Я подумал о том, как меня выгнали с собрания из-за вымышленного никотинового пластыря (кстати говоря, я сигареты-то во рту никогда не держал), и о кошмарном уроке истории у тренера Энтони. Подумал о новенькой девушке, бесконечно далекой от исчезающих клубничных полей и искусственного озера Иствуда. Я представил ее устроившейся на готической крыше, в забавной потрепанной одежде, перебирающей струны гитары и смотрящей на колокольни и булыжные мостовые.
– Да нечего рассказывать, – ответил я, сказался уставшим и поднялся наверх.
Наш дом – монструозное сооружение. Шесть спален, окрашенные в одинаковый спокойный тон светлой яичной скорлупы, плюс дополнительная комната-гостиная. Он похож на выставочный образец, заставленный безликой демонстрационной мебелью. Трудно представить, чтобы в таком доме действительно кто-то жил. Мы устроились здесь, когда мне было восемь – улучшили, так сказать, условия проживания, переехав из старого жилого комплекса, расположенного по другую сторону дорожной петли. Год спустя нам в наследство от моей безумной тетушки достался огромный пудель Купер: тетушка снова вышла замуж и стала жить в роскошных апартаментах, где запрещалось иметь больших питомцев.
Купер был вполне обычным пуделем – из тех, что похожи на лохматых черных жирафов. Я выгуливал его в детстве. Точнее, он катал меня на самокате, бегая вверх-вниз по улицам. Если мне снились кошмары, я брал его к себе в постель, хотя ему полагалось спать внизу, в прачечной. Куперу было около восьми, когда он достался нам, и, похоже, он считал себя самым настоящим владельцем поместья. Ну ладно, признаюсь: я обожал этого сумасшедшего пса, его пахнущий попкорном мех и всепонимающие глаза.
Он ждал меня в моей комнате, свернувшись у изножия кровати и положив морду на книгу «Великий Гэтсби», которую я просматривал прошлым вечером.

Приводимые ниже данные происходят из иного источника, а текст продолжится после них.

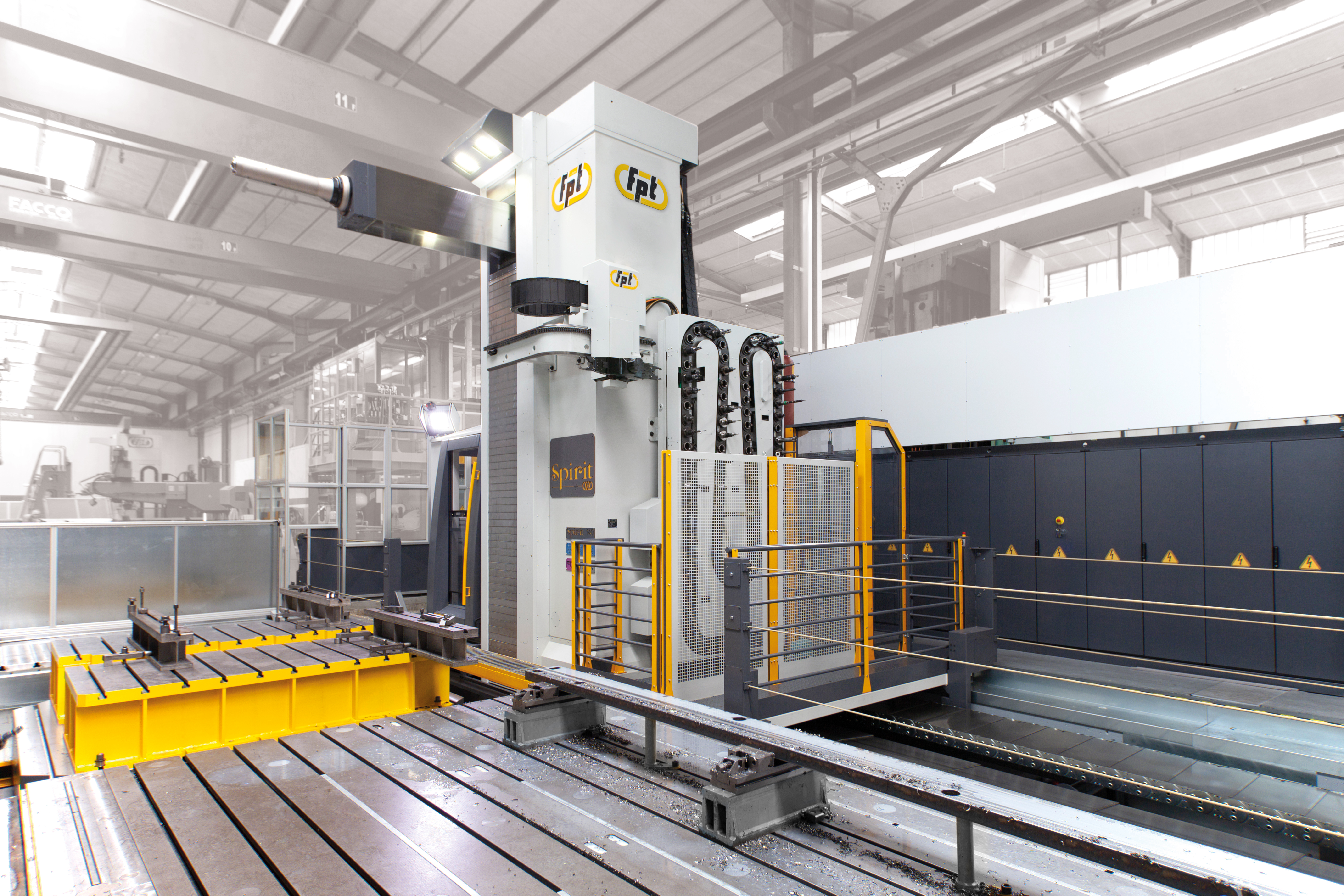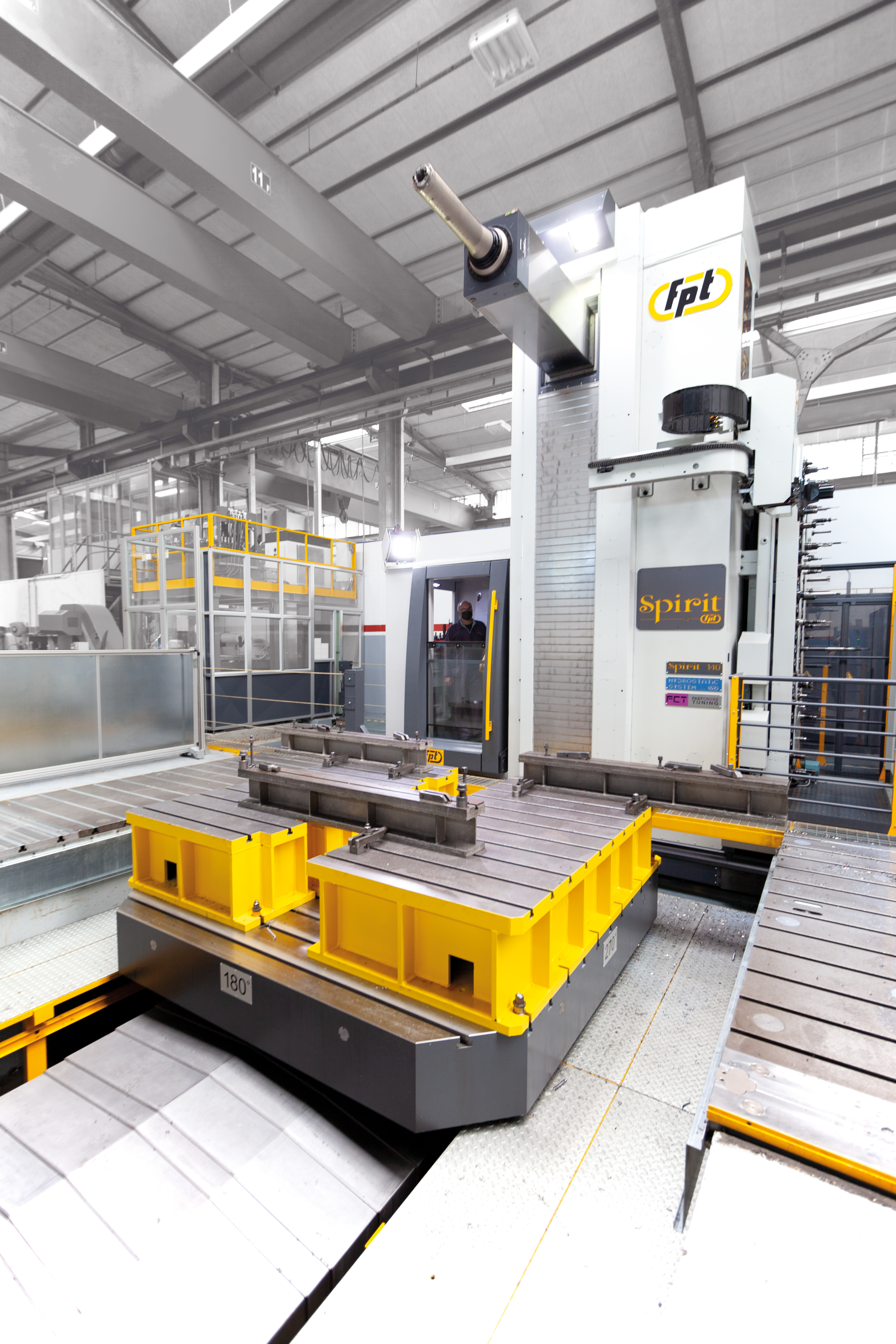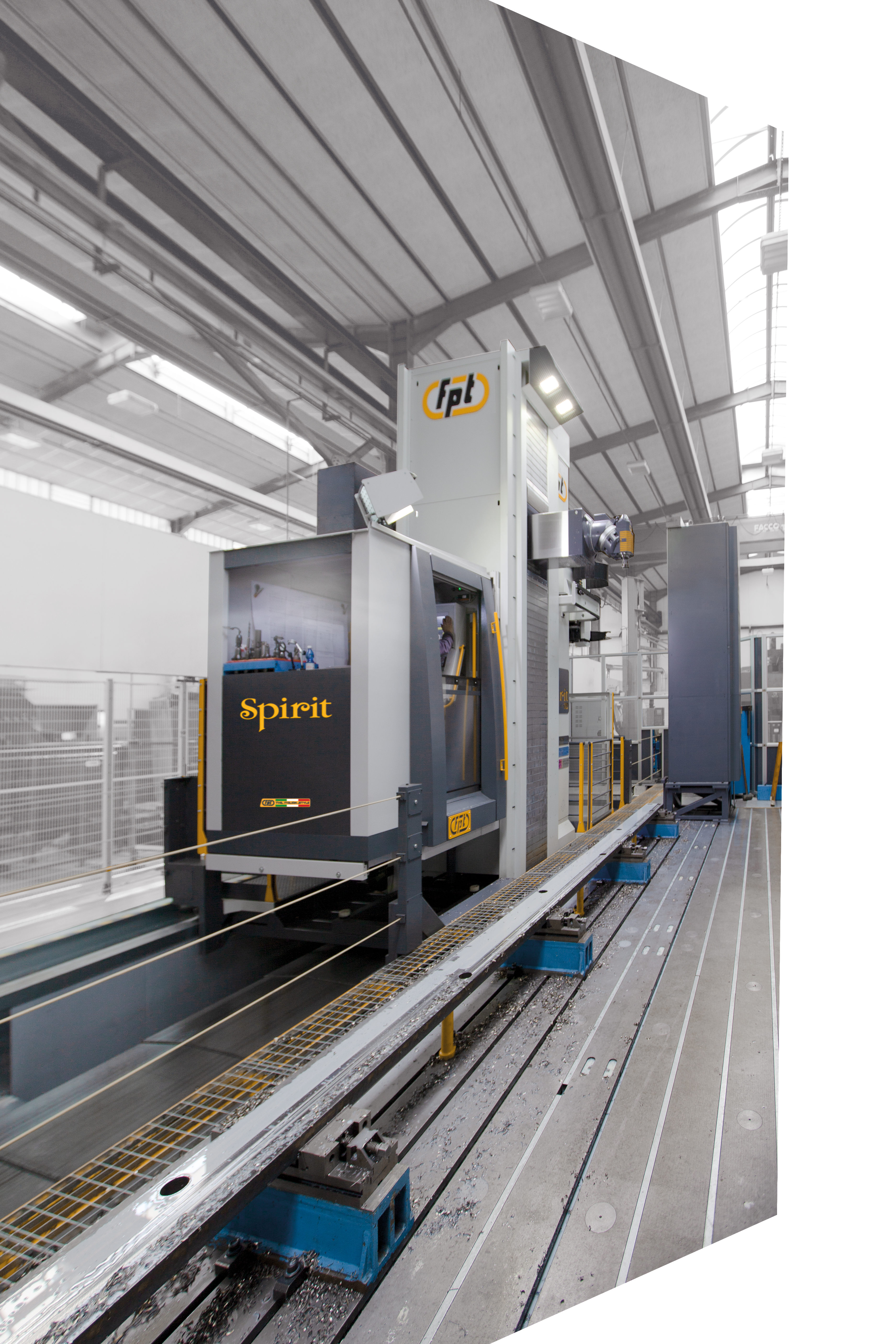 The FPT Spirit 100 is the high-capacity model of the Spirit series, designed to handle oversized and heavy components with uncompromising accuracy. Its hydrostatic guideway system ensures smooth motion and long-term precision, while the reinforced cast-iron structure provides the rigidity needed for extreme cutting forces. With a wide working envelope and high spindle power, the Spirit 100 offers manufacturers a reliable solution for the most challenging large-part machining tasks. Ideal For |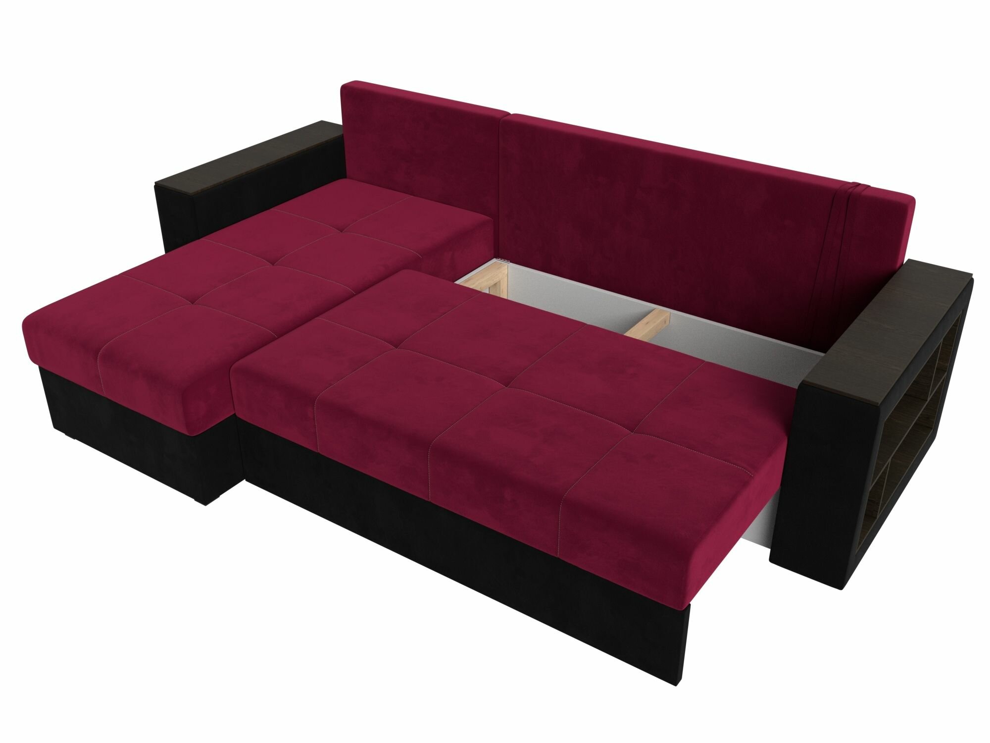 Диван угловой Дубай Лайт левый угол, микровельвет, механизм еврокнижка, Бордовый, модель 114169L

«Как насчет прогулки, старина?» – казалось, спрашивали его глаза.
Я сел рядом с ним и погладил его по голове.
– Прости.
И, клянусь, он понимающе кивнул, прежде чем снова опустить морду на мамину старую книгу в мягкой обложке. Он разрывал мне сердце, этот Купер. Мне хотелось схватить поводок и привычной трусцой пробежать с ним по улицам комплекса, а потом, на крутой тропе в конце Кресент-Висты, перейти на стремительный бег. Меня придавила мысль, что мы давно уже не прогуливались так и что я больше никогда не смогу с ним пробежаться.
Я включил плей-лист с песнями Боба Дилана, который слушал, будучи в подавленном состоянии, все лето, и лег поверх одеяла. Я не плакал, но из-за перехватившего горло спазма было больно глотать. Какое-то время я так и лежал – в комнате с опущенными жалюзи, слушая фантастично депрессивную старую музыку и пытаясь убедить себя в том, что хочу, чтобы все стало по-старому. Однако тем днем, сидя на уроке испанского со своими бывшими приятелями, болтавшими ни о чем, я чувствовал полное опустошение. Такое ощущение, что часть меня, наслаждавшаяся общением с ними, испарилась, оставив после себя зияющую пустоту, и я пытался не упасть в разверзшуюся дыру, страшась ее глубины.
Когда мама ровно в полседьмого позвала меня на ужин по внутреннему телефону, я уже почти взял себя в руки. Она приготовила лосось с киноа и капустой кале. Не хочу показаться неблагодарным, но мы с отцом предпочли бы пиццу. Разумеется, мы об этом умолчали. Говорить такое маме ни в коем случае нельзя.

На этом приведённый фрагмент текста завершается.